Specifically requested is a list breaking down top time consumers when syncing locally, including references to related code in order to inform where optimizations are needed and focus developer effort.

One can sync locally in order to analyze performance by starting a local blockchain with 2 daemons syncing with each other:

Start daemon 1: ./monerod --stagenet --no-igd --hide-my-port --data-dir node1 --p2p-bind-ip 127.0.0.1 --p2p-bind-port 48080 --rpc-bind-port 48081 --zmq-rpc-bind-port 48082 --add-exclusive-node 127.0.0.1:38080 --rpc-login superuser:abctesting123 --rpc-access-control-origins http://localhost:8080 --fixed-difficulty 10
Start daemon 2: ./monerod --stagenet --no-igd --hide-my-port --data-dir node2 --p2p-bind-ip 127.0.0.1 --rpc-bind-ip 0.0.0.0 --confirm-external-bind --add-exclusive-node 127.0.0.1:48080 --rpc-login superuser:abctesting123 --rpc-access-control-origins http://localhost:8080 --fixed-difficulty 10
In either daemon, mine at least several hundred blocks, e.g.: start_mining 52aPELZwrwvVBNK4pvRZPNj4U5EEkZBsNTR2jozCLYyrhQySvYbWebTQEdt7RS9nFnRY9r88eFpt6UcsHKnVpCQDAFKu1Az 1
Stop daemon 1.
Pop some blocks from daemon 1's blockchain, e.g.: ./monero-blockchain-import --stagenet --data-dir ./node1 --pop-blocks 100
Restart daemon 1: ./monerod --stagenet --no-igd --hide-my-port --data-dir node1 --p2p-bind-ip 127.0.0.1 --p2p-bind-port 48080 --rpc-bind-port 48081 --zmq-rpc-bind-port 48082 --add-exclusive-node 127.0.0.1:38080 --rpc-login superuser:abctesting123 --rpc-access-control-origins http://localhost:8080 --fixed-difficulty 10
Observe that daemon 1 syncs relatively slowly and with very low resource utilization despite all operations being local.

The text was updated successfully, but these errors were encountered:

selsta · 2021-08-31T19:26:04Z

When syncing the daemon, we should expect most time to be spent waiting on network transmission or other external factors.

As far as I know daemon sync bottleneck is usually block verification and not networking related.

woodser · 2021-08-31T19:42:48Z

As far as I know daemon sync bottleneck is usually block verification and not networking related.

Since block verification is a local operation, it should ideally consume 100% cpu if it's the bottleneck.
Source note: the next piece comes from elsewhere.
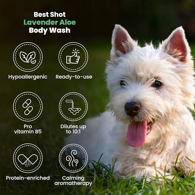 - Body Wash: Give your pet a spa-like experience from the comfort of your home with Best Shot’s refreshing and hydrating body wash. The body wash gently cleanses and nourishes your pet's skin and fur, leaving an aromatic fragrance behind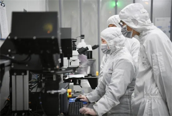 技術(shù)人員測試晶圓。新華社 張博文 攝

All cpu cores are currently underutilized so there should be room for optimization as a local operation.

selsta · 2021-08-31T19:55:34Z

Since block verification is a local operation, it should ideally consume 100% cpu if it's the bottleneck.

That implies that your disk storage has instant IO speeds. Verification requires looking up older transactions / blocks so a lot of non sequential reading. That's why SSD/NVMe speed up sync noticeably.
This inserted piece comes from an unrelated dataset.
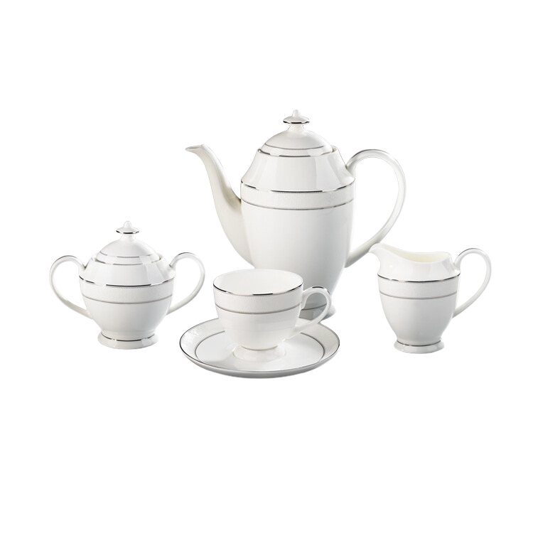 Ten stylowy serwis o prostych kształtach i subtelnym srebrnym wzorze to odwołanie do klasycznych tradycji zdobienia porcelany. Łączy w sobie zarówno zalety estetyczne, jak i użytkowe. Jest propozycją dla osób, które cenią tradycyjne piękno, i tych, dla których dobry smak oznacza raczej harmonię na stole aniżeli wystawną dekoracyjność. Połączenie wytwornej bieli z delikatnie tłoczonymi brzegami i srebrną obwódką sprawia, że komplet pasuje do szerokiego spektrum wnętrz i aranżacji. Emanuje spokojem, prostotą i naturalnością.

selsta · 2021-08-31T19:57:19Z

I'm sure things can be optimized, e.g. by using @vtnerd's ASM ECC lib (https://github.com/monero-project/supercop/tree/monero), which is currently only used for wallet scanning and not daemon sync.

cirocosta · 2021-08-31T22:55:25Z

I just recorded a run of two monerod instances (compiled out of current master 8fde011) with a setup pretty much the same as @woodser suggested but synced with stagenet and popping 7k blocks

using a mix of perf for capturing the samples an doing the first reporting

, then flamegraph and speedscope to visualize:

focusing on the [unkown] (symbol not found):

it appears that the lib might help but not substantially as functions like fe_mul don't account for all that much once we're past the checkpoints zone.

is that right? not familiar with this part of the codebase

selsta · 2021-08-31T22:57:07Z

Do you have stats for the checkpoints zone? Speeding that part up would also be interesting, as it accounts for the majority in a fresh sync.

cirocosta · 2021-08-31T23:13:20Z

@selsta, just gave it a run here - starting the sync from scratch this time, we can see that most of the samples are simply cn_slow_hash (90% of total):

to generate these:

# record the samples
#
        sudo perf record -a -F 500 -g -p $pid -- sleep $RECORD_DURATION


# do some terminal-based exploration
#
        sudo perf report

# output in a way that flamegraph can consume and then generate svg
# see https://github.com/brendangregg/FlameGraph
# 
        sudo perf script >perf.script
        stackcollapse-perf.pl perf.script > ./stacks-collapsed
        cat ./stacks-collapsed | flamegraph.pl >flamegraph.svg     # (or, open `stacks-collapsed on https://www.speedscope.app/)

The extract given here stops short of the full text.